Floods and Tornadoes: An Analysis of NOAA Storm Data

Charles McGuinness

Synopsis

An analysis of NOAA's database of over 900K oberservations was done to determine the leading weather related causes of injury, death, and destruction was performed.

From this analysis, we can see that deaths and injuries by tornadoes are by far the most common while floods are the largest cause of property damage.

Data Processing

The raw data is in a compressed CSV file located at https://d396qusza40orc.cloudfront.net/repdata%2Fdata%2FStormData.csv.bz2 The file was downloaded to the local working directory prior to running the analysis.

We begin by loading in the CSV data from the .csv.bz2 file provided from NOAA:

# This can take a while
stormData <- read.csv(bzfile("repdata-data-StormData.csv.bz2"))

Since we are interested in the number of deaths & injuries and costs by event type, we preprocess the data by adding up the deaths,injuries, and costs by type to get a total for each type:

## Calculate the injuries and deaths by event type -- The aggregate function does precisely that
injuriesByType <- aggregate(stormData$INJURIES,by=list(stormData$EVTYPE),FUN=sum)
deathsByType <- aggregate(stormData$FATALITIES,by=list(stormData$EVTYPE),FUN=sum)

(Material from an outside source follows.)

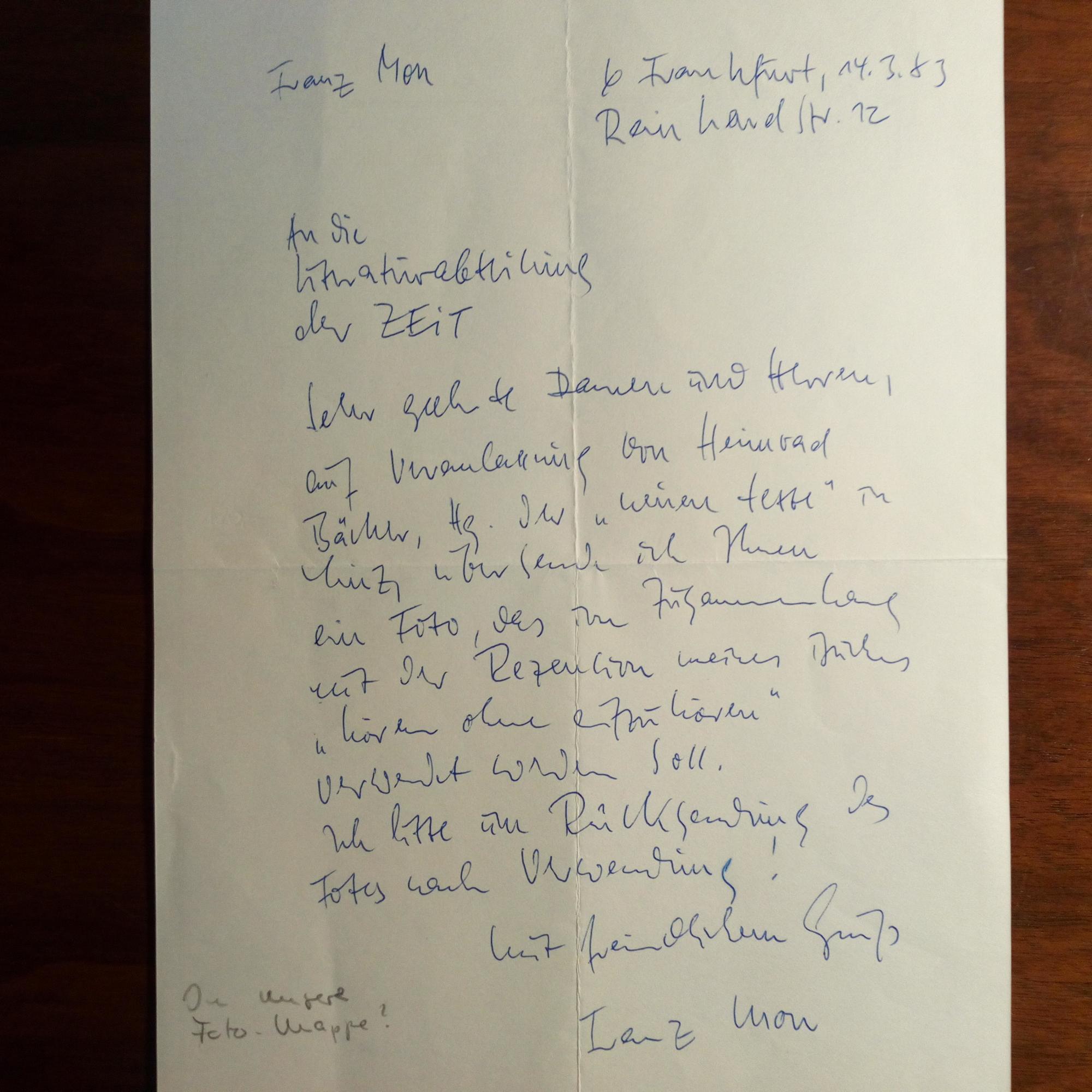 1926-2022, Dichter ("Konkrete Poesie") - E. Brief mit U., Frankfurt 14.3.1983, 1 S. 4°, mit e. postal. Umschlag. "An die Literaturabteilung der ZEIT" betr. eines Fotos für die Rezension seines Buches "hören ohne aufzuhören". Beiliegt Blatt mit e. Gedicht "Wenn die eins wie die neun/ ist die zwei wie die acht...", 10. Z., mit Widm. und U.
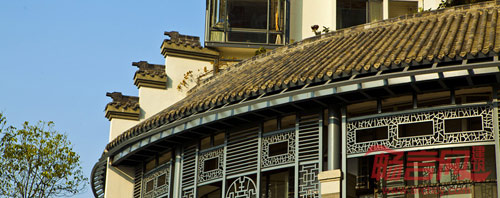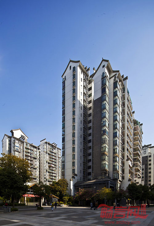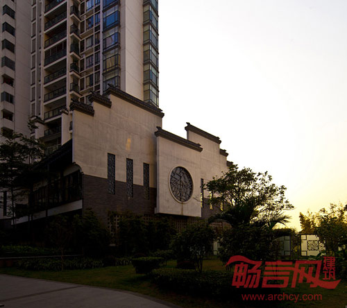 建筑以传统民居——徽派建筑为主调,把最具代表性的风格元素,以现代手法与技术手段来表现“东方人居”。建筑立面重点突出了传统民居“黑、白、灰”的色彩特点,立面风格清新淡雅,淳朴自然。每栋建筑均前有庭后有院,看似独立却又相通,与中心大花园形成相对封闭而又开放的空间。整个小区的建筑延续传统的中式风格,室内装修风格融入中国琴棋书画的淡雅和古典美,让中国传统文化再次得到最好的传承。

## We add up the two vectors for crop damage and property damage to get a total economic cost for storm damage
## The damage estimates also have "K" or "M" or "B" to indicate a multiplier, so we need to do some manipulation
## on them... it's not pretty, but we have to mutliply the values by 1, 1000, 1000000, or 1000000000
propMult <- 1+(stormData$PROPDMGEXP=="K")*999+(stormData$PROPDMGEXP=="k")*999+
        (stormData$PROPDMGEXP=="M")*999999+(stormData$PROPDMGEXP=="m")*999999+
        (stormData$PROPDMGEXP=="B")*999999999+(stormData$PROPDMGEXP=="b")*999999999
cropMult <- 1+(stormData$CROPDMGEXP=="K")*999+(stormData$CROPDMGEXP=="k")*999+
        (stormData$CROPDMGEXP=="M")*999999+(stormData$CROPDMGEXP=="m")*999999+
        (stormData$CROPDMGEXP=="B")*999999999+(stormData$CROPDMGEXP=="b")*999999999
totalDamage <- stormData$CROPDMG*cropMult + stormData$PROPDMG*propMult
damagesByType <- aggregate(totalDamage,by=list(stormData$EVTYPE),FUN=sum)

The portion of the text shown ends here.